Not because there aren’t enough stories about the whole matter (let alone with the side stories, you can write an entire book), but because it teaches us a lot about content knowledge.
Additionally, it was the perfect X shitshow, with many VCs or close buddies of theirs actively involved in trying to close the deal.
It was, or still is, the real-life version of HBO’s (ironic, I know) Succession, where too many memes and clips were shared in an effort to explain the deal.
With that in mind, let’s dive into the whole thing and figure out what else has been going on the Internet.
PS: If you enjoy this newsletter and believe your friends or family would too, a recommendation would be greatly appreciated!
Netflix won.
That’s the short version of the Warner Bros. Discovery saga that’s been unfolding since September, but the long version is way more entertaining.

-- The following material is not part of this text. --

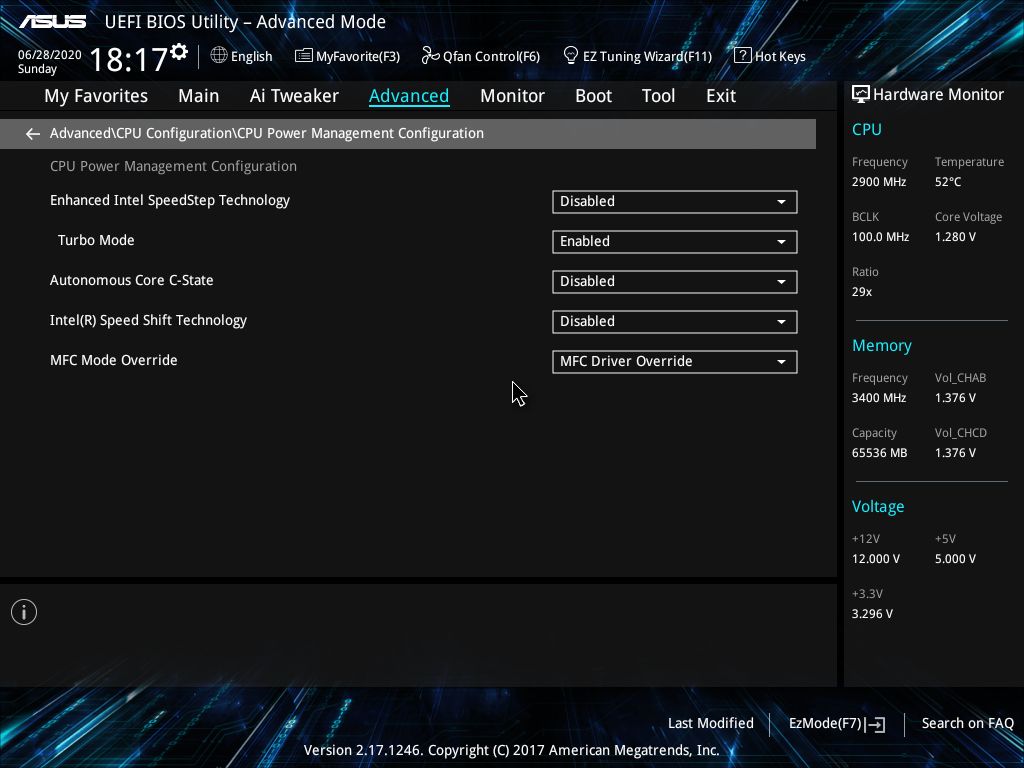 [2020/06/28 18:07:54] Ai Overclock Tuner [Manual] CPU Strap [100] BCLK Frequency [100.0000] ASUS MultiCore Enhancement [Auto] AVX Instruction Core Ratio Negative Offset [5] AVX-512 Instruction Core Ratio Negative Offset [16] CPU Core Ratio [By Specific Core] Min. CPU Cache Ratio [31] Max. CPU Cache Ratio [31] BCLK Frequency : DRAM Frequency Ratio [100:100] DRAM Frequency [DDR4-3400MHz] TPU [Keep Current Settings] CPU SVID Support [Disabled] Extreme Over-voltage [Disabled] BCLK Aware Adaptive Voltage [Enabled] CPU Core Voltage [Auto] CPU Cache Voltage [Auto] Uncore Voltage Offset [Auto] Uncore Voltage Offset Prefix [+] CPU Input Voltage [Auto] DRAM Voltage(CHA, CHB) [1.3800] DRAM Voltage(CHC, CHD) [1.3800] CPU VCCIO Voltage [1.15000] CPU System Agent Voltage [Auto] PCH Core Voltage [Auto] PLL Reference Offset Mode Sign [+] PLL Reference Offset Value [Auto] Turbo Ratio Limit 0 [Auto] Turbo Ratio Cores 0 [Auto] Turbo Ratio Limit 1 [Auto] Turbo Ratio Cores 1 [Auto] Turbo Ratio Limit 2 [Auto] Turbo Ratio Cores 2 [Auto] Turbo Ratio Limit 3 [Auto] Turbo Ratio Cores 3 [Auto] Turbo Ratio Limit 4 [Auto] Turbo Ratio Cores 4 [Auto] Turbo Ratio Limit 5 [Auto] Turbo Ratio Cores 5 [Auto] Turbo Ratio Limit 6 [Auto] Turbo Ratio Cores 6 [Auto] Turbo Ratio Limit 7 [Auto] Turbo Ratio Cores 7 [Auto] *Core-1 Max Ratio [49] CPU Core-1 Voltage [Manual Mode] CPU Core-1 Voltage Override [1.280] Core-2 Max Ratio [49] CPU Core-2 Voltage [Manual Mode] CPU Core-2 Voltage Override [1.280] Core-3 Max Ratio [44] CPU Core-3 Voltage [Manual Mode] CPU Core-3 Voltage Override [1.100] Core-4 Max Ratio [49] CPU Core-4 Voltage [Manual Mode] CPU Core-4 Voltage Override [1.280] Core-5 Max Ratio [44] CPU Core-5 Voltage [Manual Mode] CPU Core-5 Voltage Override [1.100] Core-6 Max Ratio [46] CPU Core-6 Voltage [Manual Mode] CPU Core-6 Voltage Override [1.200] Core-7 Max Ratio [46] CPU Core-7 Voltage [Manual Mode] CPU Core-7 Voltage Override [1.200] Core-8 Max Ratio [45] CPU Core-8 Voltage [Manual Mode] CPU Core-8 Voltage Override [1.140] Core-9 Max Ratio [45] CPU Core-9 Voltage [Manual Mode] CPU Core-9 Voltage Override [1.140] Core-10 Max Ratio [45] CPU Core-10 Voltage [Manual Mode] CPU Core-10 Voltage Override [1.140] Core-11 Max Ratio [47] CPU Core-11 Voltage [Manual Mode] CPU Core-11 Voltage Override [1.230] *Core-12 Max Ratio [48] CPU Core-12 Voltage [Manual Mode] CPU Core-12 Voltage Override [1.270] DRAM CTRL REF Voltage on CHC [Auto] DRAM CTRL REF Voltage on CHD [Auto] DRAM DATA REF Voltage on CHC DIMM0 Rank0 BL0 [Auto] DRAM DATA REF Voltage on CHC DIMM0 Rank0 BL1 [Auto] DRAM DATA REF Voltage on CHC DIMM0 Rank0 BL2 [Auto] DRAM DATA REF Voltage on CHC DIMM0 Rank0 BL3 [Auto] DRAM DATA REF Voltage on CHC DIMM0 Rank0 BL4 [Auto] DRAM DATA REF Voltage on CHC DIMM0 Rank0 BL5 [Auto] DRAM DATA REF Voltage on CHC DIMM0 Rank0 BL6 [Auto] DRAM DATA REF Voltage on CHC DIMM0 Rank0 BL7 [Auto] DRAM DATA REF Voltage on CHC DIMM0 Rank1 BL0 [Auto] DRAM DATA REF Voltage on CHC DIMM0 Rank1 BL1 [Auto] DRAM DATA REF Voltage on CHC DIMM0 Rank1 BL2 [Auto] DRAM DATA REF Voltage on CHC DIMM0 Rank1 BL3 [Auto] DRAM DATA REF Voltage on CHC DIMM0 Rank1 BL4 [Auto] DRAM DATA REF Voltage on CHC DIMM0 Rank1 BL5 [Auto] DRAM DATA REF Voltage on CHC DIMM0 Rank1 BL6 [Auto] DRAM DATA REF Voltage on CHC DIMM0 Rank1 BL7 [Auto] DRAM DATA REF Voltage on CHC DIMM1 Rank0 BL0 [Auto] DRAM DATA REF Voltage on CHC DIMM1 Rank0 BL1 [Auto] DRAM DATA REF Voltage on CHC DIMM1 Rank0 BL2 [Auto] DRAM DATA REF Voltage on CHC DIMM1 Rank0 BL3 [Auto] DRAM DATA REF Voltage on CHC DIMM1 Rank0 BL4 [Auto] DRAM DATA REF Voltage on CHC DIMM1 Rank0 BL5 [Auto] DRAM DATA REF Voltage on CHC DIMM1 Rank0 BL6 [Auto] DRAM DATA REF Voltage on CHC DIMM1 Rank0 BL7 [Auto] DRAM DATA REF Voltage on CHC DIMM1 Rank1 BL0 [Auto] DRAM DATA REF Voltage on CHC DIMM1 Rank1 BL1 [Auto] DRAM DATA REF Voltage on CHC DIMM1 Rank1 BL2 [Auto] DRAM DATA REF Voltage on CHC DIMM1 Rank1 BL3 [Auto] DRAM DATA REF Voltage on CHC DIMM1 Rank1 BL4 [Auto] DRAM DATA REF Voltage on CHC DIMM1 Rank1 BL5 [Auto] DRAM DATA REF Voltage on CHC DIMM1 Rank1 BL6 [Auto] DRAM DATA REF Voltage on CHC DIMM1 Rank1 BL7 [Auto] DRAM DATA REF Voltage on CHD DIMM0 Rank0 BL0 [Auto] DRAM DATA REF Voltage on CHD DIMM0 Rank0 BL1 [Auto] DRAM DATA REF Voltage on CHD DIMM0 Rank0 BL2 [Auto] DRAM DATA REF Voltage on CHD DIMM0 Rank0 BL3 [Auto] DRAM DATA REF Voltage on CHD DIMM0 Rank0 BL4 [Auto] DRAM DATA REF Voltage on CHD DIMM0 Rank0 BL5 [Auto] DRAM DATA REF Voltage on CHD DIMM0 Rank0 BL6 [Auto] DRAM DATA REF Voltage on CHD DIMM0 Rank0 BL7 [Auto] DRAM DATA REF Voltage on CHD DIMM0 Rank1 BL0 [Auto] DRAM DATA REF Voltage on CHD DIMM0 Rank1 BL1 [Auto] DRAM DATA REF Voltage on CHD DIMM0 Rank1 BL2 [Auto] DRAM DATA REF Voltage on CHD DIMM0 Rank1 BL3 [Auto] DRAM DATA REF Voltage on CHD DIMM0 Rank1 BL4 [Auto] DRAM DATA REF Voltage on CHD DIMM0 Rank1 BL5 [Auto] DRAM DATA REF Voltage on CHD DIMM0 Rank1 BL6 [Auto] DRAM DATA REF Voltage on CHD DIMM0 Rank1 BL7 [Auto] DRAM DATA REF Voltage on CHD DIMM1 Rank0 BL0 [Auto] DRAM DATA REF Voltage on CHD DIMM1 Rank0 BL1 [Auto] DRAM DATA REF Voltage on CHD DIMM1 Rank0 BL2 [Auto] DRAM DATA REF Voltage on CHD DIMM1 Rank0 BL3 [Auto] DRAM DATA REF Voltage on CHD DIMM1 Rank0 BL4 [Auto] DRAM DATA REF Voltage on CHD DIMM1 Rank0 BL5 [Auto] DRAM DATA REF Voltage on CHD DIMM1 Rank0 BL6 [Auto] DRAM DATA REF Voltage on CHD DIMM1 Rank0 BL7 [Auto] DRAM DATA REF Voltage on CHD DIMM1 Rank1 BL0 [Auto] DRAM DATA REF Voltage on CHD DIMM1 Rank1 BL1 [Auto] DRAM DATA REF Voltage on CHD DIMM1 Rank1 BL2 [Auto] DRAM DATA REF Voltage on CHD DIMM1 Rank1 BL3 [Auto] DRAM DATA REF Voltage on CHD DIMM1 Rank1 BL4 [Auto] DRAM DATA REF Voltage on CHD DIMM1 Rank1 BL5 [Auto] DRAM DATA REF Voltage on CHD DIMM1 Rank1 BL6 [Auto] DRAM DATA REF Voltage on CHD DIMM1 Rank1 BL7 [Auto] Self-tracked Clocking [Auto] PCIe Gen3 PLL Clock Control [Enabled] PLL Post Divider Adjust [Auto] Change PLLTRIM Prefix [+] Change PllTrim Value [Auto] Change MC-PLLTRIM Prefix [+] Change MC-PllTri

David Ellison’s Paramount, fresh off an $8 billion Skydance merger, launched a hostile $108 billion takeover bid to snatch Warner away from Netflix’s $72 billion deal.
Warner Bros. told them to pound sand on 17 December, calling the offer “inadequate” and questioning whether Larry Ellison’s revocable trust would actually fund it.
Even Jared Kushner’s investment fund backed out, and he’s the first guy to pull the trigger when it comes to deals like this!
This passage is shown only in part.